Written by Laura Harper, partner in the Private Client team at Kingsley Napley LLP

A recent article in The Times “Have we reached the peak of property inheritance?” made interesting reading and has ignited a debate amongst economists.

Its premise was that grants taken out including property were slightly down in 2019-20 (73% of grants) compared to the previous two tax years according to HMRC data crunched by Hamptons. And that this showed property transfers from the property rich baby boomer generation, who have benefited from large increases in property values in recent years, to their families may have passed its peak. However other experts such as the Resolution Foundation predicted the UK would not reach peak inheritance until the 2040s.  

My firm is frequently asked by clients how they can pass on the wealth generated by the (often significant) capital increase in the value of their homes to their children most tax efficiently. They are conscious many in the next generation are struggling to get on the property ladder. They often fear the threat of the 40% inheritance tax rate but are also mindful of the ever increasing costs of care which they may require in later life.

There is a difficult balance to find and there are limited options for those that wish to transfer their homes into the names of their children. This is largely due to the “gift with reservation of benefit” rules which prevent the gift of an asset from falling outside of the taxable estate of an individual or couple where they retain some benefit in that same asset.  This would normally arise where a property is transferred but continues to be occupied without a full market rent being paid but it can apply to gifts of furniture or artwork too.  As the property rental rates continue to rise, paying a full market rent (which has to be reassessed on a regular basis) is likely to be available to relatively few baby boomers who are living off their, albeit, generous pensions.

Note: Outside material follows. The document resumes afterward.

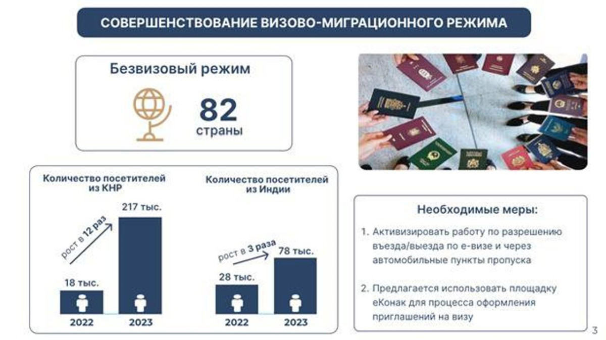 Благодаря введению 14-дневного безвизового режима для граждан Китая в июле 2022 года и взаимному безвизовому режиму с ноября 2023 года, количество посетителей из этой страны увеличилось в 12 раз с 18 тысяч до 217 тысяч. После введения 14-дневного безвизового режима, отмечается троекратный рост посетителей из Индии: с 28 тысяч человек в 2022 году до 78 тысяч человек в 2023 году.

Instead, many will have to consider downsizing and gifting some of the residual capital from their home to their children in the hope that they survive 7 years from the date of the gift in order for this to fall outside of their estate, although tapering relief will apply after 3 years.  Assistance is provided in the form of the Nil Rate Band, the value at which tax is charged at 0%, but this is currently set at only £325,000 and we only know for certain that these rates apply until 2027/28.  There is also the Residence Nil Rate Band which allows an additional amount of £175,000 to pass tax free but only on the condition that the main property (or the proceeds of it) are passed directly to descendants and that the value of an estate does not exceed £2.35 million or £2.7 if a married couple- because the relief is tapered by deduction where the estate is valued at over £2million.  As such, this does little to help those who do not have children of their own or want to set up a trust for their children to ensure some guidance on how the funds should be applied.  

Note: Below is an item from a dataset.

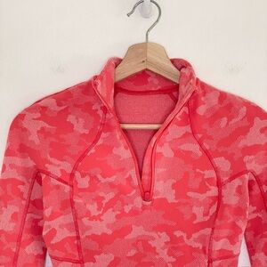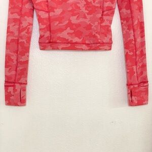 Lululemon Its Rulu Run Cropped Half Zip Heritage Camo Jacquard Pale Raspberry Pink Mist, Size 0. Style W3GI1S

The fact that the Nil Rate Band has been fixed at this level since 2009 means that it has failed to keep up with increasing property prices and is, in part, to blame for the rise in families facing an inheritance tax bill. No doubt economists will continue to run the detailed sums and offer their predictions. However, broadly speaking, the point is that if property prices continue to rise, we may still be some way off the peak of property inheritance.